By combining these social media activities with traditional PR pitching around the same themes, we continued to grow brand awareness as a whole and build an array of positive links back to the company.

When it comes to brand advocates, sometimes existing employees simply need to be invited in and engaged in a way that appeals to their own intrinsic motivations — perhaps a sense of belonging or achievement. For many employee-based audiences, social media engagement with company news or industry trends is already happening and simply needs to be harnessed and directed by the brand for better effect.

But what about when it comes to individuals that have no financial motivation to promote a brand? At the other end of the brand advocate spectrum from employees are those who affiliate themselves with a cause. They may donate money or volunteer for a specific organization, but when it comes down to it, they don’t have inherent loyalty to one group and can easily go from engaged to enraged.

Case study 2: UGC can turn volunteers into advocates

One nonprofit client that we have the privilege of working with dealt with this issue on a regular basis. Beyond misunderstandings about their funding sources or operations, they occasionally faced backlash about their core mission on social media. After all, for any nonprofit or cause out there, it’s easy to point to two or ten others that may be seen as "more worthy," depending on your views. In addition, the nature of their cause tended to attract a lot of attention in the holiday giving period, with times of low engagement through the rest of the year.

Crowdsourcing user-generated content for better engagement

To counter this and better engage the audience year-round, we again looked for opportunities to put individual faces and stories at the forefront of marketing materials.

In this case, we began crowdsourcing user-generated content through monthly contesting programs during the organization’s "off" months. Photos submitted during the contests could be used as individual posts on social media or remixed across videos, blog posts, or as a starting point for further conversation and promotion development with the individuals. As Facebook was the primary promotion point for these contests, they attracted those who were already highly engaged with the organization and its page. During the initial two-month program, the Facebook page gained 16,660 new fans with no associated paid promotion, accounting for 55% of total page Likes in the first half of 2016.

Perhaps even more importantly, the organization was able to save on internal labor in responding to complaints or negative commentary on posts as even more individuals began adding their own positive comments. The organization’s community manager was able to institute a policy of waiting to respond after any negative post, allowing the brand advocates time to chime in with a more authentic, volunteer-driven voice.

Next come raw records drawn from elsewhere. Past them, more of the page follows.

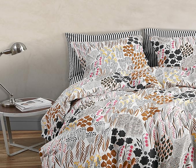 MARIMEKKO – King Comforter Set, Cotton Percale Bedding with Matching Shams, Stylish Modern Home Decor (Pieni Letto Multi, King)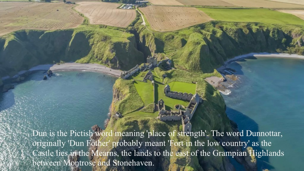 According to the castle’s website, archaeologists have found evidence of the Picts having a fort, the oldest ever discovered (estimated between 5000BC & 700AD), on a sea stake just north of the current castle and the word “dun” is Pictish for “fort”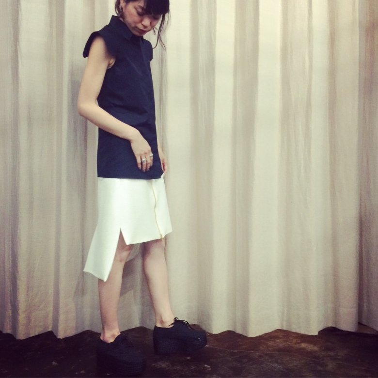 28.05.2016 膝丈スカートのトラッドなイメージを フロントのジップや長い後ろ身頃で クリーンでモードな印象に♪ skart CLEANA ¥37,000+tax 16ss cleana WEAR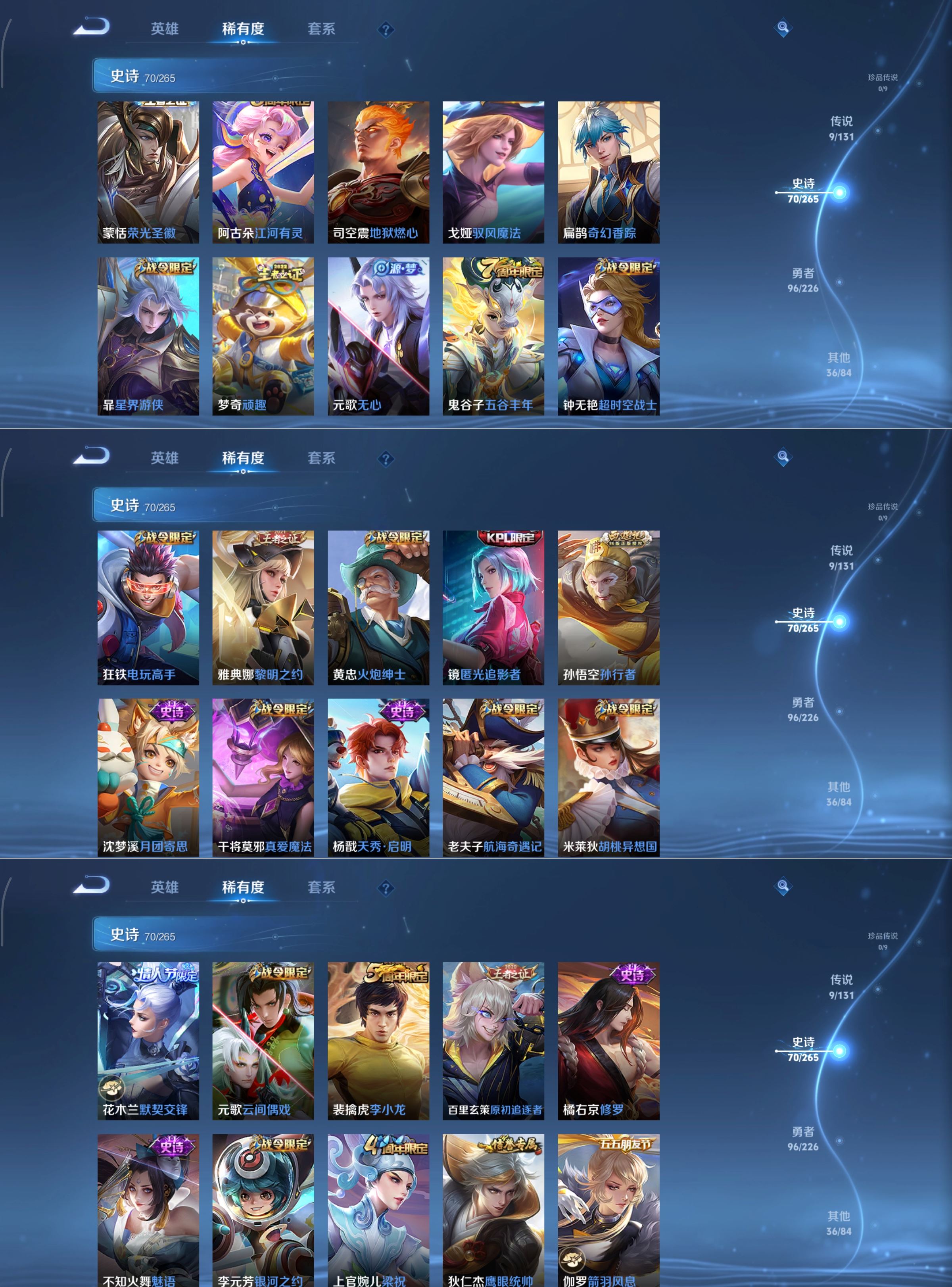 【史诗皮肤】 星界战将 冰锋战神 逐梦之影 默契交锋 谧流熔炉 电玩小子 至尊宝 孙行者 龙之律动 地狱燃心 青焰无极 百相守梦 踏浪烽翎 苍威无极 王牌新星 江河有灵 幻夜行动 荣光圣徽 百相守梦 超时空战士 光弋星穹 万灵启世 傩神司 化蝶舞 奇幻香踪 星界游侠 顽趣 驭风魔法 魅语 幽灵船长

By inviting their most passionate supporters more deeply into the fold and giving them the space and trust to communicate, the organization may have lost some measure of control over the details of the message, but they gained support and understanding on a deeper level. These individuals not only influenced others within the social media pages of the organization, but also frequently shared content and tagged friends, acting as influencers and bringing others into the fold.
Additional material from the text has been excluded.